Metadata-Version: 2.4
Name: flash-maxsim
Version: 0.2.1
Summary: Fused GPU kernel for ColBERT/ColPali MaxSim scoring
Author-email: Roi Pony <roi.pony@ibm.com>
License: Apache-2.0
Project-URL: Homepage, https://github.com/roipony/flash-maxsim
Project-URL: Repository, https://github.com/roipony/flash-maxsim
Keywords: colbert,colpali,maxsim,triton,gpu,late-interaction,retrieval
Classifier: Development Status :: 4 - Beta
Classifier: Intended Audience :: Science/Research
Classifier: License :: OSI Approved :: Apache Software License
Classifier: Programming Language :: Python :: 3
Classifier: Topic :: Scientific/Engineering :: Artificial Intelligence
Requires-Python: >=3.8
Description-Content-Type: text/markdown
License-File: LICENSE
Requires-Dist: torch>=2.0
Requires-Dist: triton>=3.4.0
Provides-Extra: dev
Requires-Dist: pytest; extra == "dev"
Provides-Extra: notebook
Requires-Dist: pylate==1.3.4; extra == "notebook"
Requires-Dist: sentence-transformers; extra == "notebook"
Requires-Dist: jupyter; extra == "notebook"
Requires-Dist: matplotlib; extra == "notebook"
Dynamic: license-file

# Flash-MaxSim

Fused Triton GPU kernel for ColBERT/ColPali MaxSim scoring. **Up to 6.5x faster** at matched precision, zero memory overhead. Drop-in replacement — same API, no configuration.

```bash
pip install flash-maxsim
```

```python
from flash_maxsim import flash_maxsim

scores = flash_maxsim(Q, D)  # that's it
```

## Why Flash-MaxSim?

Every existing MaxSim implementation computes and stores the full similarity matrix in GPU memory. Flash-MaxSim eliminates it — the matrix never exists outside the chip.

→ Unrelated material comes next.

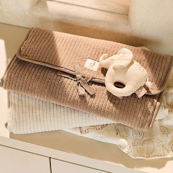Jollein verschoningsmat met opbergvakken Cloudy Rib Milky Coffee – effen lichtbruin/ecru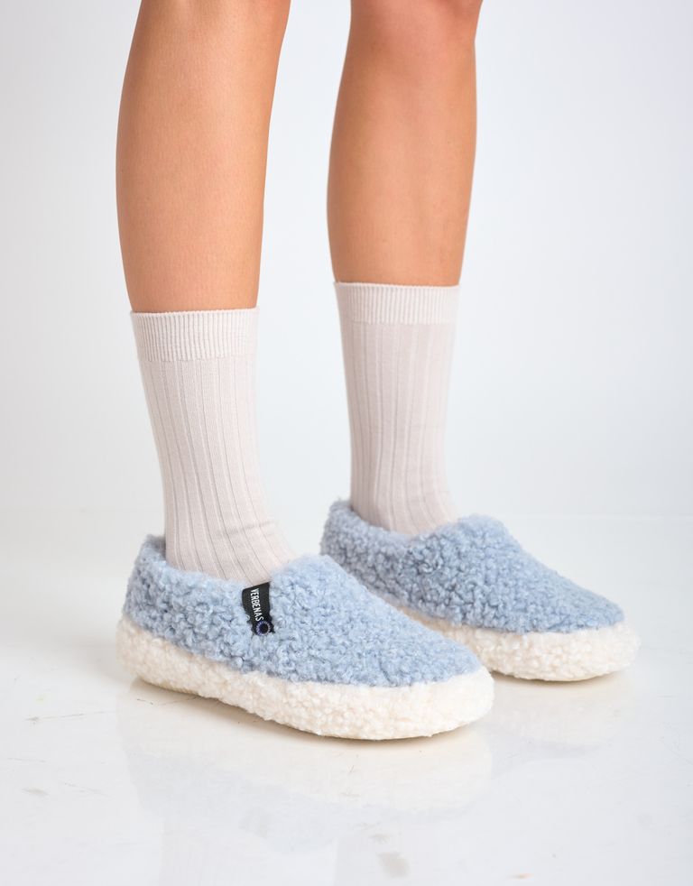 נעלי בית סליפ-און, עשויות מבד רך וממוחזר דמוי צמר. הנעליים חמימות ונעימות בצורה יוצאת דופן ובעלות סוליית גומי קשיחה המאפשרת לצאת איתן החוצה.

### 1. Memory: the similarity matrix is gone

The standard `einsum` / `bmm` approach allocates `B × Lq × Ld × 2 bytes` for the similarity matrix. For ColPali at 10K docs, that's **21 GB** — instant OOM.

| ColPali (Lq=1024, Ld=1024) | Naive sim matrix | Flash-MaxSim |
|---|---|---|
| B=1,000 | 2,097 MB | **0 MB** |
| B=5,000 | 10,486 MB | **0 MB** |
| B=10,000 | 20,972 MB | **0 MB** |

That's 21 GB of temporary memory just for scoring — on top of model weights, KV cache, and the embeddings themselves. On a 40 GB GPU, this OOMs. On 80 GB, it eats a quarter of your memory for a tensor that gets immediately reduced and thrown away.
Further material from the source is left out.